## Records to process
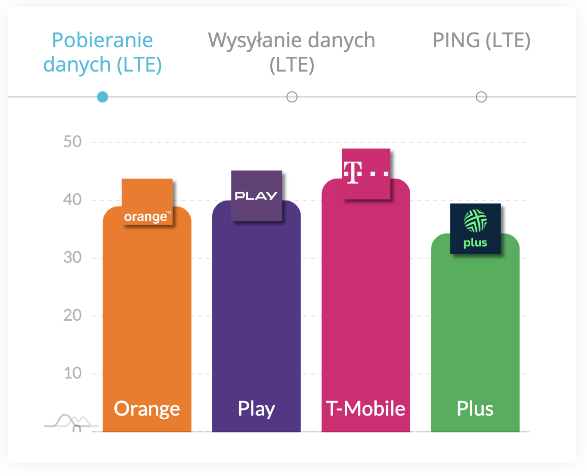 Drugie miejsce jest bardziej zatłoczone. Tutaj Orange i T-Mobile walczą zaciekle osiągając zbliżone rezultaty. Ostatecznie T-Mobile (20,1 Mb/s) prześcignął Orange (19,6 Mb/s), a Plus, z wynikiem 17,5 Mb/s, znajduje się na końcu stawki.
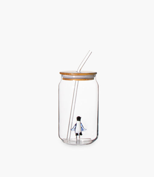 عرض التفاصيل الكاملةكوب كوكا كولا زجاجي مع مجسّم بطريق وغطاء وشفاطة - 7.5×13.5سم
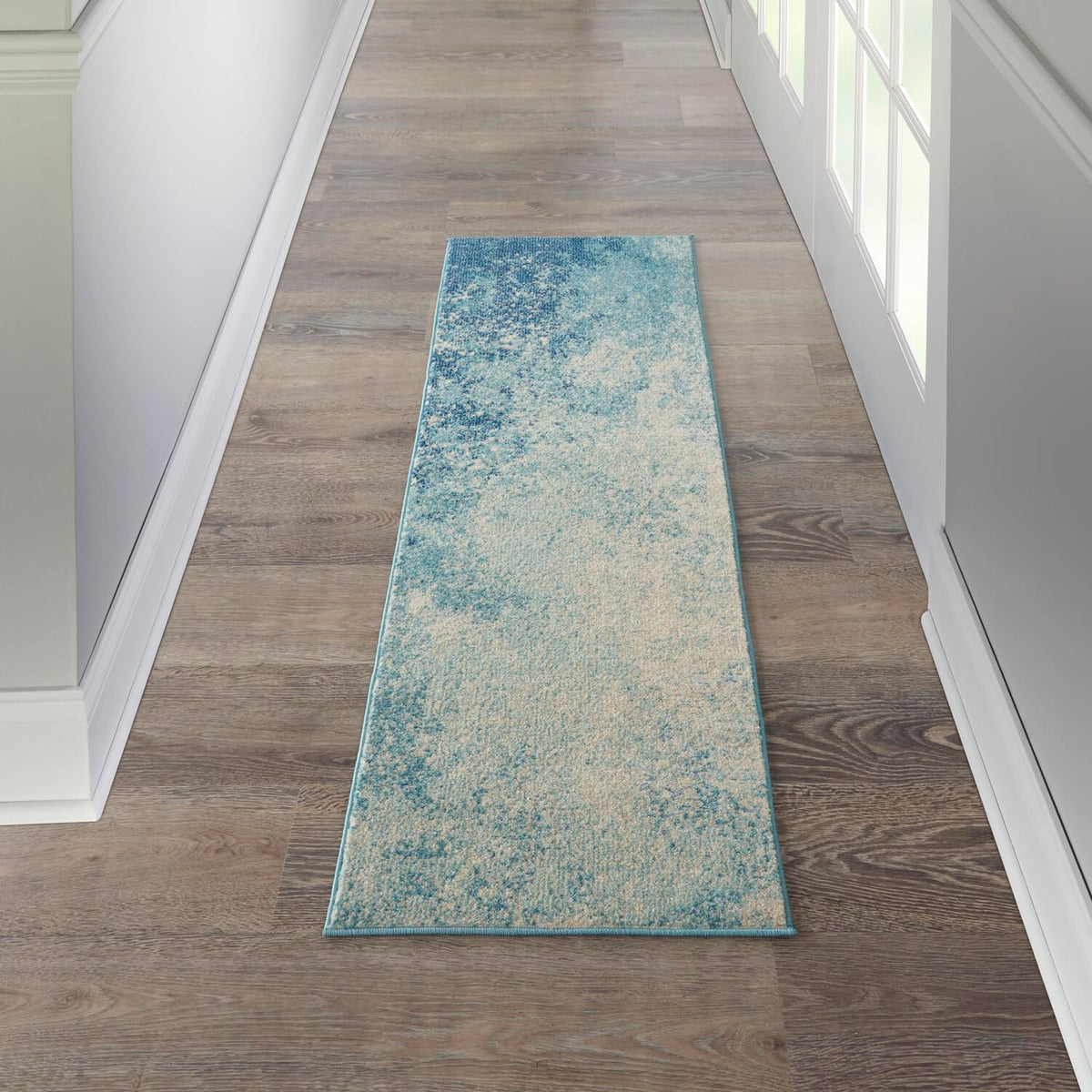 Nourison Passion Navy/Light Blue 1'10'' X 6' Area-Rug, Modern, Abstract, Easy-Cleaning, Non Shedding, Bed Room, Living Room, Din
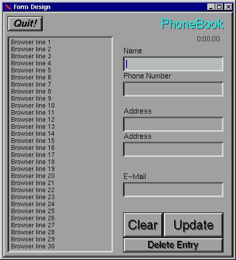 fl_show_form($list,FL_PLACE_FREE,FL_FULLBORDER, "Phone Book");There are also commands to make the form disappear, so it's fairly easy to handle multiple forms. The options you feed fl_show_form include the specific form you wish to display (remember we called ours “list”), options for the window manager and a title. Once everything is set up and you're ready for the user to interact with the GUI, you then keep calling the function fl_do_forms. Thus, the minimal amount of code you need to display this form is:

* * *

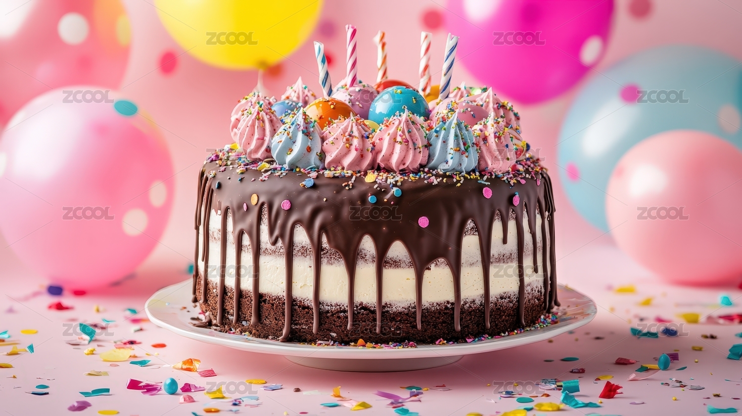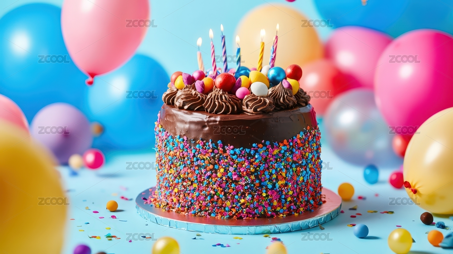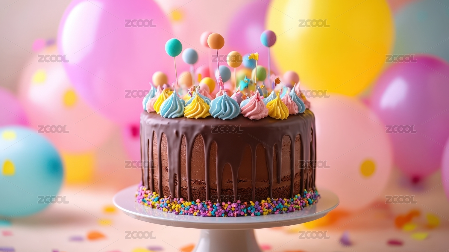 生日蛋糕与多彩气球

## Activity
Reproduce exactly the lines above that run from the one with "Drugie miejsce jest" to the one with "are also commands", both included, leaving pictures out.

## The answer
 Drugie miejsce jest bardziej zatłoczone. Tutaj Orange i T-Mobile walczą zaciekle osiągając zbliżone rezultaty. Ostatecznie T-Mobile (20,1 Mb/s) prześcignął Orange (19,6 Mb/s), a Plus, z wynikiem 17,5 Mb/s, znajduje się na końcu stawki.
 عرض التفاصيل الكاملةكوب كوكا كولا زجاجي مع مجسّم بطريق وغطاء وشفاطة - 7.5×13.5سم
 Nourison Passion Navy/Light Blue 1'10'' X 6' Area-Rug, Modern, Abstract, Easy-Cleaning, Non Shedding, Bed Room, Living Room, Din
 fl_show_form($list,FL_PLACE_FREE,FL_FULLBORDER, "Phone Book");There are also commands to make the form disappear, so it's fairly easy to handle multiple forms. The options you feed fl_show_form include the specific form you wish to display (remember we called ours “list”), options for the window manager and a title. Once everything is set up and you're ready for the user to interact with the GUI, you then keep calling the function fl_do_forms. Thus, the minimal amount of code you need to display this form is:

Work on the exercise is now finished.